On Sat, Apr 21, 2007 at 02:17:02PM -0400, Gene Heskett wrote:
> CFS-v4 is quite smooth in terms of the users experience but after prolonged 
> observations approaching 24 hours, it appears to choke the cpu hog off a bit 
> even when the system has nothing else to do.  My amanda runs went from 1 to 
> 1.5 hours depending on how much time it took gzip to handle the amount of 
> data tar handed it, up to about 165m & change, or nearly 3 hours pretty 
> consistently over 5 runs.

Welcome to infinite history. I'm not surprised, apart from the time
scale of anomalies being much larger than I anticipated.

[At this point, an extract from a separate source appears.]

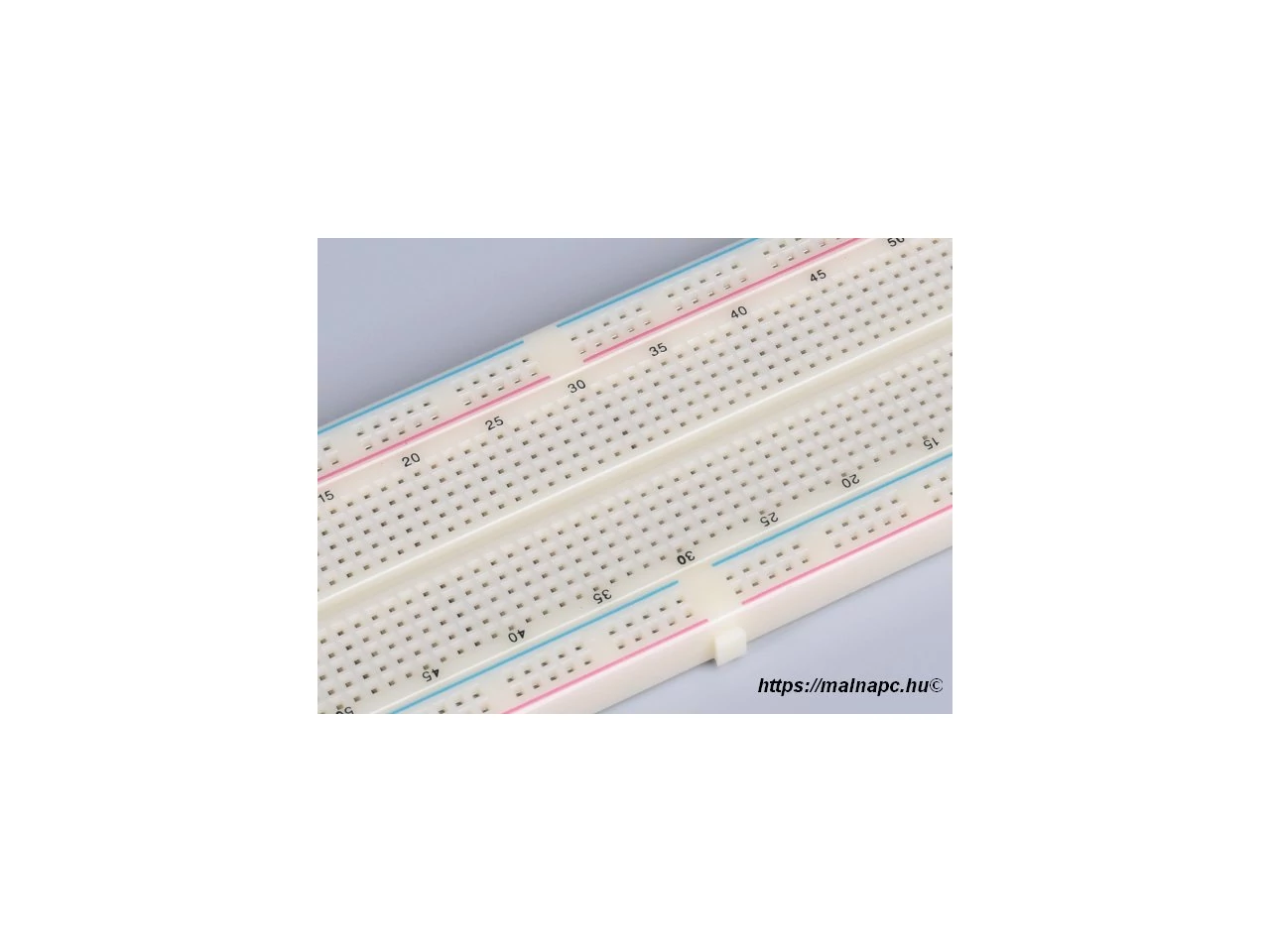 Ennek a 840 csatlakozási ponttal rendelkező próbapanelnek ( breadboard ) a segítségével egyszerűbb áramköri kapcsolások forrasztás nélkül valósíthatóak meg a Raspberry Pi vagy Arduino projektedhez. Az összeköttetések létesítéséhez egyes csomagok tartalmaznak pár jumpert, de ez nem minden szállítmánynál biztosított. Választhatsz hozzá jumper készleteinkből kedved szerint!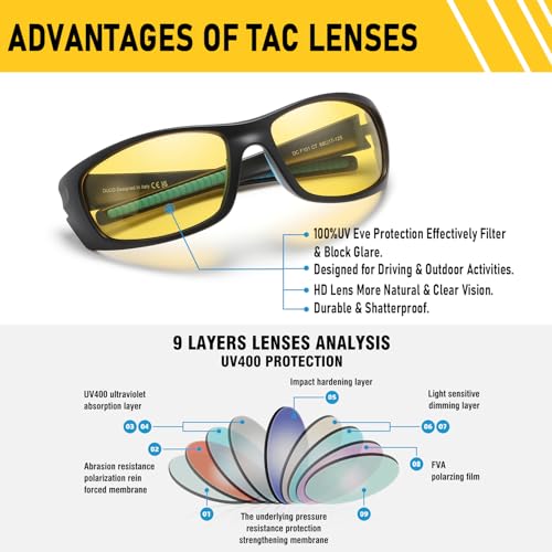 DUCO Night Vision Fishing Glasses Anti Glare Polarized Yellow Lens for Men Women Ideal for Nighttime Fishin and Driving 5

On Sat, Apr 21, 2007 at 02:17:02PM -0400, Gene Heskett wrote:
> sd-0.44 so far seems to be handling the same load (theres a backup running 
> right now) fairly well also, and possibly theres a bit more snap to the 
> system now.  A switch to screen 1 from this screen 8, and the loading of that 
> screen image, which is the Cassini shot of saturn from the backside, the one 
> showing that teeny dot to the left of Saturn that is actually us, took 10 
> seconds with the stock 2.6.21-rc7, 3 seconds with the best of Ingo's patches, 
> and now with Con's latest, is 1 second flat. Another screen however is 4 
> seconds, so maybe that first scren had been looked at since I rebooted. 
> However, amanda is still getting estimates so gzip hasn't put a tiewrap 
> around the kernels neck just yet.

Not sure what you mean by gzip putting a tiewrap around the kernel's neck.
Could you clarify?


On Sat, Apr 21, 2007 at 02:17:02PM -0400, Gene Heskett wrote:
> Some minutes later, gzip is smunching /usr/src, and the machine doesn't even 
> know its running as sd-0.44 isn't giving gzip more than 75% to gzip, and 
> probably averaging less than 50%. And it scared me a bit as it started out at 
> not over 5% for the first minute or so.  Running in the 70's now according to 
> gkrellm, with an occasional blip to 95%.  And the machine generally feels 
> good.

I wonder what's behind that sort of initial and steady-state behavior.


On Sat, Apr 21, 2007 at 02:17:02PM -0400, Gene Heskett wrote:
> I had previously given CFS-v4 a 95 score but that was before I saw
> the general slowdown, and I believe my first impression of this one
> is also a 95.  This on a scale of the best one of the earlier CFS
> patches being 100, and stock 2.6.21-rc7 gets a 0.0.  This scheduler
> seems to be giving gzip ever more cpu as time progresses, and the cpu
> is warming up quite nicely, from about 132F idling to 149.9F now.
> And my keyboard is still alive and well.
> Generally speaking, Con, I believe this one is also a keeper.  And we'll see 
> how long a backup run takes.

Pardon my saying so but you appear to be describing anomalous behavior
in terms of "scheduler warmups."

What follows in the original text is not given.